McCain vs. Mitt Romney: Mr. Romney has been sharply critical of the 2006 and 2007 amnesty bills supported by Mr. McCain, and opposes the Dream Act and Social Security for illegals. Mr. Romney opposes McCain-Feingold, calling it a violation of the First Amendment. Unlike Mr. McCain, Mr. Romney was pro-choice until several years ago, when he became pro-life. He favors overturning Roe and returning authority over abortion to the states. Mr. Romney describes Justices John Roberts and Samuel Alito as “ideal examples for what we should select” for Supreme Court justices. Mr. Romney has a mixed record on taxes and spending. He previously refused to endorse Mr. Bush’s 2003 tax cuts. Today, he favors making them permanent. He has put forward a plan to hold increases in federal non-discretionary spending below the inflation rate. As governor of Massachusetts, Mr. Romney, inheriting a state in fiscal collapse, made a far-reaching attempt to streamline state government, but many of his efforts were stymied by a liberal, overwhelmingly Democratic legislature. He signed into law a universal health care plan that is a mix of free-market reforms and big-government mandates. Mr. Romney favors drilling in ANWR and withdrew Massachusetts from an initiative sponsored by neighboring liberal New England governors to reduce greenhouse-gas emissions.

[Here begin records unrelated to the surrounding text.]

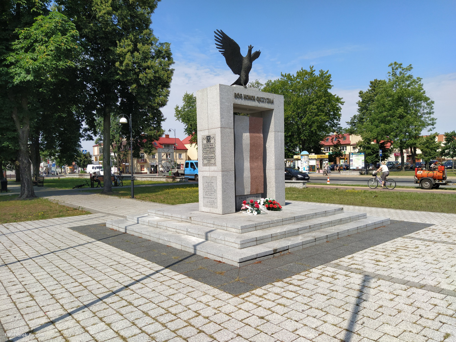 Pomnik niepodległości więcej zdjęć (4) Architekci: Teresa Ziober – Zomer (rzeźbiarz), Tadeusz Zomer (rzeźbiarz) Wykonawca: Zakład Usług Administracyjno Budowlanych Karol Liberski, Zwoleń Zbudowano: 2013 Kiedy przystępowano do rewitalizacji Rynku w 2013 roku planowano ją zakończyć postawieniem Pomnika Niepodległości, pamiętano bowiem że kiedyś przed urzędem gminy stał obelisk z tablicami upamiętniającymi wymarsz oddziałów rozpoczynający manewr znad Wieprza w ramach bitwy Warszawskiej 1920 roku. Robiąc wykopy pod planowaną fontannę zaskoczeni robotnicy odnaleźli szczątki tego obelisku. Sporządzone repliki tablic z nazwiskami poległych obywateli gminy Irena zostały wmontowane w północną ściankę pomnika. Na ścianę południową trafiły z kolei dwie inne tablice. Górna, ufundowana w 1937 Przez Związek Rezerwistów, była pierwotnie umieszczona na budynku dawnej poczty. Po zniszczeniu i rozebraniu budynku była przechowywana w rękach prywatnych aż do 1989 roku. Potem wraz z dolną tablicą opisującą historię tej przedwojennej była eksponowana na płycie u zbiegu ulic Piłsudskiego i Niepodległości w obrębie Rynku, aby ostatecznie po zakończeniu rewitalizacji Rynku, trafić na obecny pomnik. Rynek więcej zdjęć (90) |
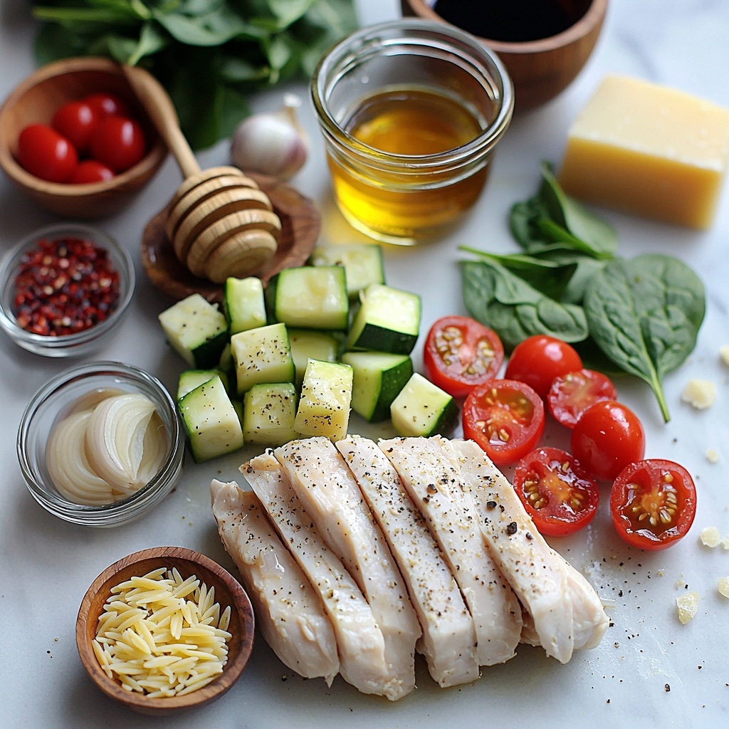 Gathering the ingredients for the Balsamic Chicken & Veggie Orzo Recipe is straightforward and fun, featuring simple staples that combine to make something truly spectacular. Each component plays an essential role, whether adding vibrant color, a juicy sweetness, or a satisfying texture.
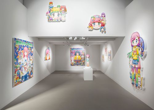 Mr.’s solo presentation includes a wide range of media—paintings, shaped canvases, sculptures, and works on paper—where his neo-pop language embodies the otaku and youth subcultures of post-war Japan in which he grew up. The often sparkling spirit of his manga-influenced figures belies an underlying darkness and desire for escapism, shaped by deep-rooted experiences of family trauma and collective national trauma in the aftermath of the 2011 earthquake and tsunami.
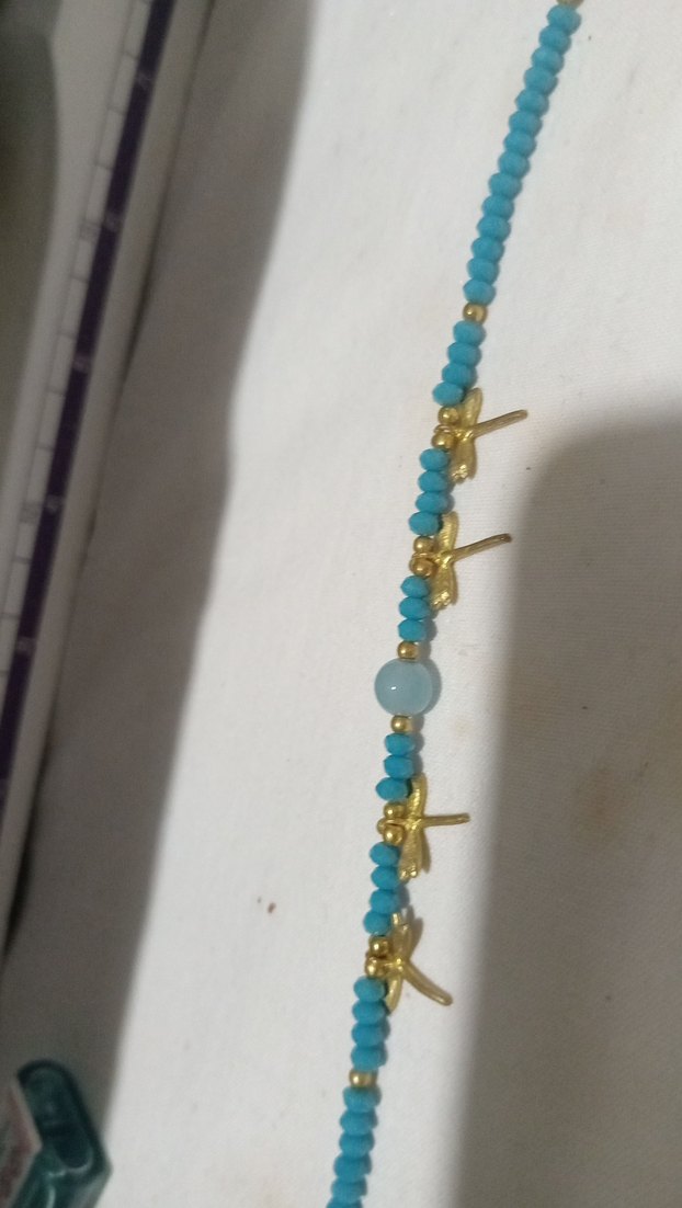 Turkuaz boncuklar ve altın renkli detaylarla uzun kadın kolyesi, bohem ve minimalist nakış desenine sahiptir. Günlük kullanım için uygundur.
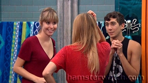 >> previous Hamsterwatch episode >> next episode >> BB17 directory >> permalink this page: http://www.hamsterwatch.com/bb17/72015.shtml ANY AMAZON.COM PURCHASE CAN BE MADE THROUGH THESE LINKS - NO EXTRA COST TO YOU Amazon USA GET THE FEEDS - NO PROMO CODE NEEDED - $5.99 PER MONTH Day 35 - Wednesday 7/22Thunder Road It was another quiet, mostly napping day at first, with Audrey only leaving her dental chair to change her battery or use the bathroom.. Austin continued his touchy-feely with Liz, and she continued to not return most of it, and not discourage it either.. Austin said he's worried about Becky and Jackie, and he laid out a plan in which he'll buddy up to Jason.. he also said he'll throw a hinky vote to keep Audrey tomorrow, and blame that on Steve - Flashback 7/22 12.32pm (this convo had major repercussions in the days that followed)Vilification of Audrey continued by Austin to Meg and others, and by Vanessa, Shelli, and Clay to each other and anyone who would listen, and by Jackie and Becky - it is the hamster way.. Vanessa also returned to sowing anti-James seeds to Shelli and Clay Audrey finally rose as the air show was getting underway.. she asked Jackie how everything had gone down on Sunday, and Jackie told her.. they parted with hugs and Jackie saying she's glad Audrey's okay, "good game" and etc.. then Jackie reported to Clay and Shelli, and they all scoffed, laughed, and said "oh gawd!" a lotAudrey pulled Shelli into the parlor where they rehashed and retold their lies and didn't settle anything of course.. Audrey said Shelli had betrayed her in a monumental way that would go down in BB history, which set Shelli off to yet more retell rounds Audrey also told Shelli that she had indeed seen the doc and was given Ativan.. she rose again a couple times and peeked out, disappeared again, and then she was up and at 'em in her greenlight, doing a sad/angry/loopy rendition of their musical song.. sure, it looked crazy but I took it as she had turned the corner and was on the rebound, especially when she finished with a big flourish and bow, and said "and scene"Later the others were gathered for loud chat in the living, and Audrey made a grand re-entrance with wig and blanket-robe, hollering "who's ready for a takeover?!" They rallied for a minute and asked how she was doing, and that was pretty much that - but it was nice to see after three days of the lethal isolation/ostracization combo Julia rotated back in so Austin was able to start getting around again.. Steve told him he wouldn't throw the vote, and Austin said he was worried that Clay might (when Austin plans to) - it was like a Who's On First routine.. Steve had a long talk with Julia.. she was perturbed about Audrey breaking Have-not rules but Steve explained it was production's decision and thus legal/not rule-breaking.. Steve suggested they come out openly as twins and Julia thought it was a good idea (with Steve's explanation) - she said she'd discuss it with Liz at the next swapThey did some loud bowling with weighted cereal boxes, and a lot of group chit-chat.. Austin started putting his Operation Jason plan into effect by admitting what a huge fellow superfan he is, and he gave up the twins' names and how smitten he is with Liz.. we didn't see Audrey again, but Vanessa and Shelli each made a few more rounds to ensure votes that are already there Operation Jason backfired spectacularly when Jason later told Meg, Shelli, and Vanessa the news about Austin being a superfan/feedster, the twins' names, the crush on Liz and the allegedly now ex-girlfriend, and especially that Austin would rather Julia go sooner than later so he can get more Liz time.. naturally Shelli told Clay.. Austin's game went boom in a matter of minutesGET YOUR FEEDS to follow all the action! One week free trial - no promo code needed Remember to click "previous Hamsterwatch episode" at the top of any page for what's come before, and hit the Feeds Updates tab for loads of details and screencaps Day 34 - Tuesday 7/21Marooned 2.0 We got a taste of what feeds could be like after Audrey's gone, since she remained asleep in the dental office virtually all day - convos elsewhere were mostly mundane.. through hearsay from them now and then, we learned Audrey was given a slop pass for "24 to 36 hours" due to whatever meds she's been given, and Becky delivered her an apple here, some crackers there, but she wasn't up and eating much anywaySteve expressed concern a couple times and said he didn't know whether to visit or leave her alone.. Vanessa did pay a visit but Audrey ignored her, setting Vanessa off on a few ranty rounds.. James and Jackie napped in their dental chairs for awhile but didn't chat with Audrey, who was sleeping on the floor at that point.. it wasn't fun/funny like the first time Audrey was "marooned" in bed: that was as much strategy and/or regrouping as anything, in my opinion.. this time it was just a sad thing to witness Otherwise there wasn't much, as I said.. they did their happy posing and duck-facing for the weekly picture-taking, and Shelli wrote another blog and tweets.. apparently Austin talked to Liz about his girlfriend at home, saying they had an open relationship - I didn't hear that one, but I heard some of the catty remarks about the situation from various othersShelli and Clay had a disturbing bedchat about how perfect and attractive her brother is, and how much he looks like Clay, and Vanessa joined them for some gametalk.. I haven't heard any of those three acknowledge Audrey's truths about them, and their denial and blaming Audrey rages on.. also, Shelli might be getting a little tired of Vanessa making plans for them, or she might just be feeling her HOHitis peaking.. Jason told some of the "outsiders" that they need to get the twins out before they're allowed to be two votes, and James had a penny-drop moment about that.. I think they decided to gun for Austin first Wackstreet signals continued to happen here and 
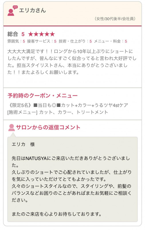 NATSUYAにはショートヘアを得意とするスタイリストが多数在籍しております。これまで2万人以上のあらゆる髪質や骨格のお客様を担当してきました。髪の乾かし方や、スタイリングの方法などアフターサービスも充実しています。是非一度お任せください♪
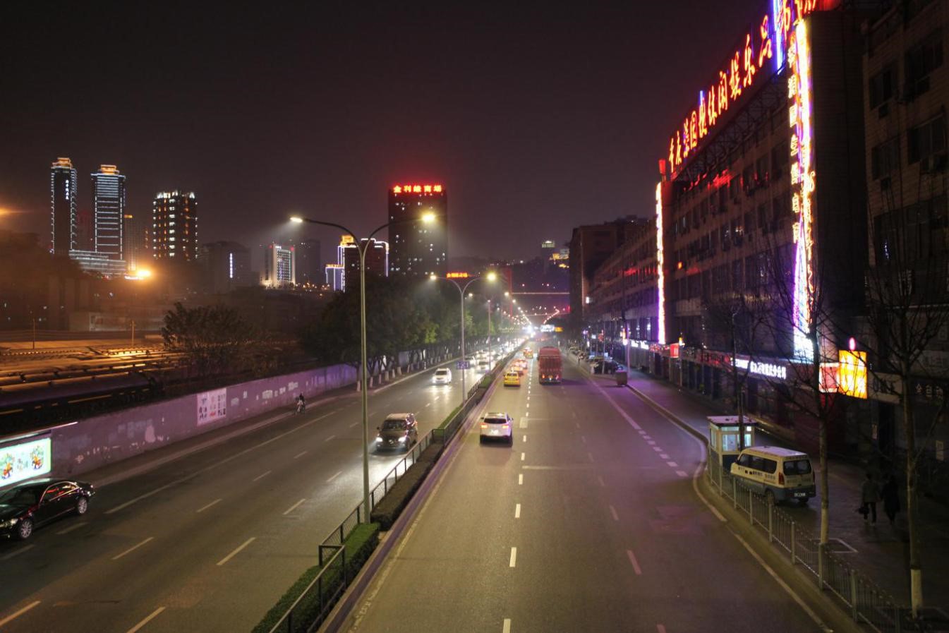 重慶市渝中區菜袁路實(shí)施的物聯(lián)網(wǎng)多色溫防霧霾LED人工智能路燈
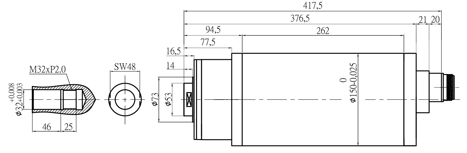 | Housing Diameter (mm) | ϕ150h6 |
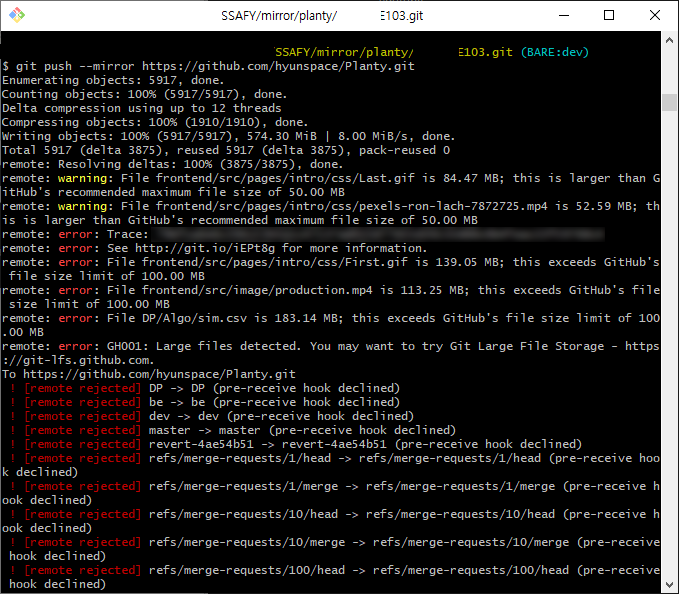 대용량일 때 git clone --mirror도 안되던데 괜찮던가요?
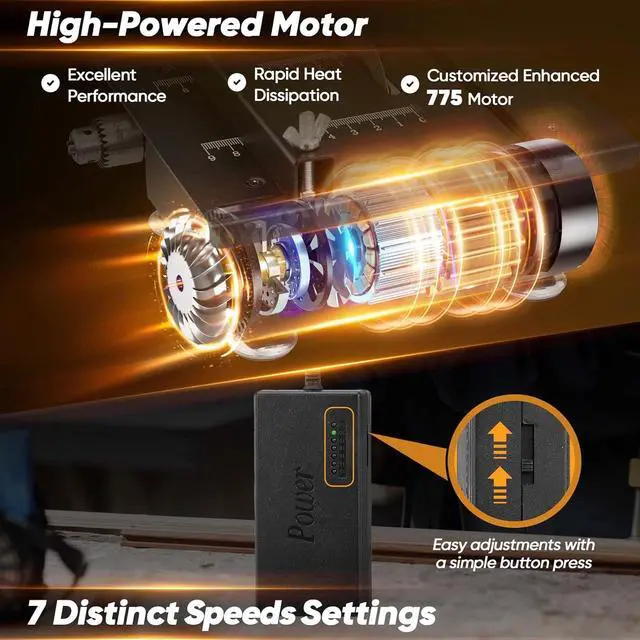 Accurate Cutting portable table saw's panel has clear markings to ensure stable, accurate, and straight cuts. The integrated cast iron body is sturdy and durable, suitable for long-term use. Transparent baffles prevent debris from splashing, and the bottom corners are equipped with anti-slip and shock-absorbing rubber feet to prevent shifting during operation. mini multi-functional table saw also includes a soft shaft that can hold drilling heads with shank diameters of 0.5 - 3.2 mm.
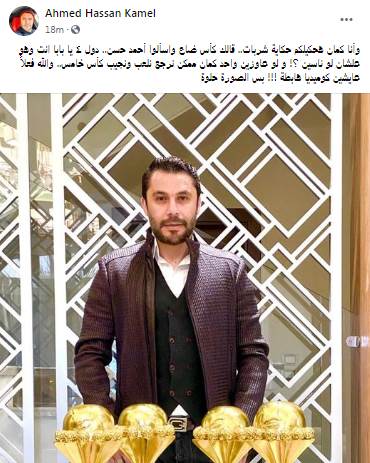 نشر عميد الكرة المصرية على حسابه الرسمي على موقع التواصل الاجتماعي "فيس بوك" ساخرًا من الأمر قائلًا: “وأنا كمان هحكيلكم حكاية شربات.. قالك كأس ضاع واسألوا أحمد حسن.. دول ٤ يا بابا انت وهو علشان لو ناسيين؟! ولو عاوزين واحد كمان ممكن نرجع نلعب ونجيب كأس خامس.. والله فعلاً عايشين كوميديا هابطة! بس الصورة حلوة”.

McCain vs. Mike Huckabee: Like Mr. McCain, Mr. Huckabee has supported in-state tuition for illegals. As governor of Arkansas, he dragged his feet on signing an immigration enforcement agreement with the federal Department of Homeland Security. Now Mr. Huckabee says he favors securing the border and opposes sanctuary cities. Mr. Huckabee is strongly pro-life and favors appointing strict constructionists to the federal bench. He opposes McCain-Feingold. While he has not spoken in great detail about the federal tax and budgetary policies, as governor of Arkansas Mr. Huckabee presided over numerous spending and tax increases, including higher taxes on gasoline, cigarettes, groceries, medicine and the Internet. Mr. Huckabee favors drilling in ANWR and has been praised by the National Wildlife Federation for his support of a “cap-and-trade”system to limit greenhouse gases.

McCain vs. Rudy Giuliani: As New York mayor, Mr. Giuliani accused the Immigration and Naturalization Service of “terrorizing innocent people” and sued all the way up to the Supreme Court to defend the city’s sanctuary policies. Unlike virtually every other Republican candidate, he is pro-choice on abortion. Mr. Giuliani has said he would nominate Supreme Court justices like John Roberts and Samuel Alito. He has supported McCain-Feingold. Mr. Giuliani opposes a federal cap-and-trade system and has yet to take a position on ANWR. He has unveiled a far-reaching package of tax cuts but has not been nearly so specific when it comes to the federal budget — particularly the spiraling costs of entitlements.